Material for this exercise:
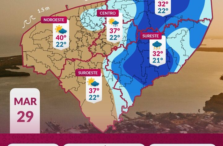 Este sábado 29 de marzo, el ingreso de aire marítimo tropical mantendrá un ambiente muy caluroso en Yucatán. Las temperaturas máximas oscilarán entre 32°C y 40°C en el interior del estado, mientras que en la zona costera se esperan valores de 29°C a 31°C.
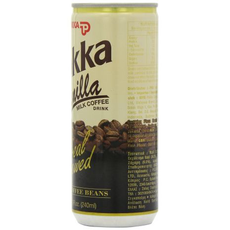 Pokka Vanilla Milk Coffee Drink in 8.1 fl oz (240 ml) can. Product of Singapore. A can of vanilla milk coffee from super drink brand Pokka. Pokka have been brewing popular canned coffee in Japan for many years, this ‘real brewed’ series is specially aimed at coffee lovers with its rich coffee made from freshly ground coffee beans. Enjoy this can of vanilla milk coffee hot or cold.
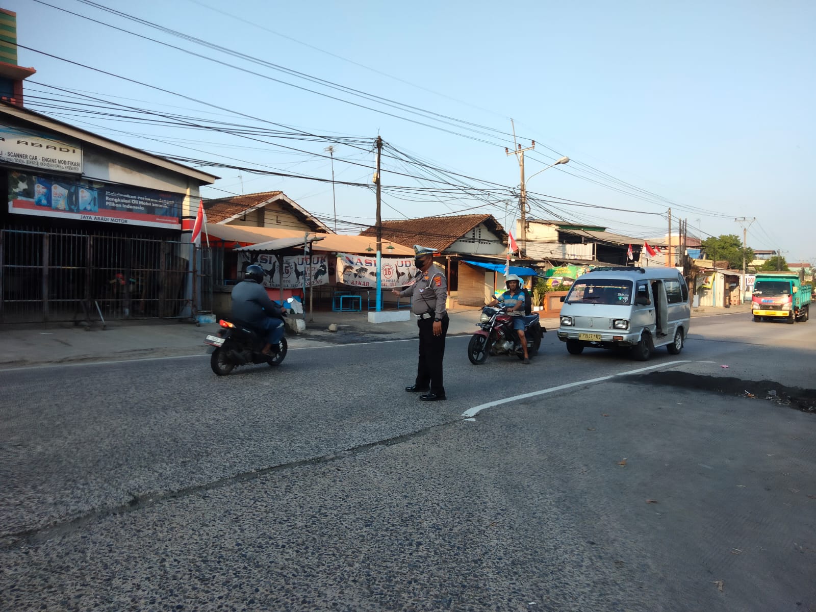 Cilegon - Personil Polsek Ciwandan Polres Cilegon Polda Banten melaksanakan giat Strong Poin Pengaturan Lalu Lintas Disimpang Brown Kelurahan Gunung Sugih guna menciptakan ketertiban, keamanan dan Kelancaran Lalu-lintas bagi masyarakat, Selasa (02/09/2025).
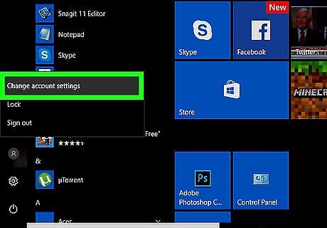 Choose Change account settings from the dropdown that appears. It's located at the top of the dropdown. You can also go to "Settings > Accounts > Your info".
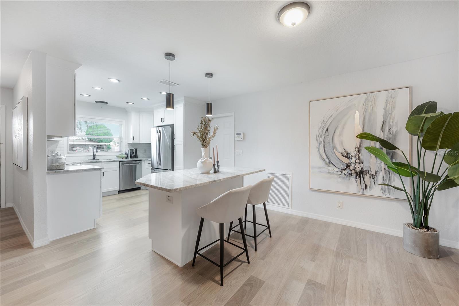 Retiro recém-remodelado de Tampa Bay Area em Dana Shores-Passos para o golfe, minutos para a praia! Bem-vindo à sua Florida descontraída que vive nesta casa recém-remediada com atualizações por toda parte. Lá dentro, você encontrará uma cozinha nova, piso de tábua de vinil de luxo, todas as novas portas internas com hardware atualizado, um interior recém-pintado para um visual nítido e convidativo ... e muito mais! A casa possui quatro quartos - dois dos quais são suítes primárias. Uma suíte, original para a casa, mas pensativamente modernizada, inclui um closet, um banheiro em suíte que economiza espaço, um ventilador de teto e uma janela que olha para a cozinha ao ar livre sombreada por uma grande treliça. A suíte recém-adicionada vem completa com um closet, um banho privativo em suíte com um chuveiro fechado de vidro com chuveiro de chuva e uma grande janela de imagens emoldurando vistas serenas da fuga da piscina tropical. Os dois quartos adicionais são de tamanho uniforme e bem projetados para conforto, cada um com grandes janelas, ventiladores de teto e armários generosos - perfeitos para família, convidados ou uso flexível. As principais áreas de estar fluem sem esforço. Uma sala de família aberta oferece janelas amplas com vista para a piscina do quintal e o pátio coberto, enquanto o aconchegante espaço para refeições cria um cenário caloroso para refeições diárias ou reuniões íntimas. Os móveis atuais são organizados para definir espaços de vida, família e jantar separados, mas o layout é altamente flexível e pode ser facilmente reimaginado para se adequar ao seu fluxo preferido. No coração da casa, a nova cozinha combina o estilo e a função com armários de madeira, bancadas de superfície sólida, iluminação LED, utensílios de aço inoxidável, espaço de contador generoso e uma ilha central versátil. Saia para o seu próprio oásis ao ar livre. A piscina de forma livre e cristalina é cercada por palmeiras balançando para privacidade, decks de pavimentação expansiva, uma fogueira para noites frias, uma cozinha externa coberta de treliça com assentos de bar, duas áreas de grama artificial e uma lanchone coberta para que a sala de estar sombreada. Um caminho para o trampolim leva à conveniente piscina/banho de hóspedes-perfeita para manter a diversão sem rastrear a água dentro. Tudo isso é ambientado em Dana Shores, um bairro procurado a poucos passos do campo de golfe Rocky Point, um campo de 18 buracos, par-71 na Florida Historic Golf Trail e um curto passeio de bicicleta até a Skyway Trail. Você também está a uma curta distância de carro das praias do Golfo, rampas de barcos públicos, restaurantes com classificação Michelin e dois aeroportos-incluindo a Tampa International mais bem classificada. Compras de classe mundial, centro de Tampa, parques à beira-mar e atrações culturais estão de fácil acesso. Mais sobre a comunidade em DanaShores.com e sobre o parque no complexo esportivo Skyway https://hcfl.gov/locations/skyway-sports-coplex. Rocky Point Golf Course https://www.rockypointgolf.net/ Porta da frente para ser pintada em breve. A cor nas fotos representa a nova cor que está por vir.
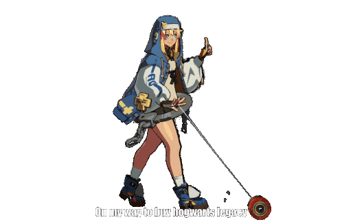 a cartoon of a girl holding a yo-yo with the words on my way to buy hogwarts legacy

Directions: Your reply should consist solely of the lines above, from the opening line through the line with "Pokka Vanilla Milk", reproduced exactly and without pictures.

Response to the task:
 Este sábado 29 de marzo, el ingreso de aire marítimo tropical mantendrá un ambiente muy caluroso en Yucatán. Las temperaturas máximas oscilarán entre 32°C y 40°C en el interior del estado, mientras que en la zona costera se esperan valores de 29°C a 31°C.
 Pokka Vanilla Milk Coffee Drink in 8.1 fl oz (240 ml) can. Product of Singapore. A can of vanilla milk coffee from super drink brand Pokka. Pokka have been brewing popular canned coffee in Japan for many years, this ‘real brewed’ series is specially aimed at coffee lovers with its rich coffee made from freshly ground coffee beans. Enjoy this can of vanilla milk coffee hot or cold.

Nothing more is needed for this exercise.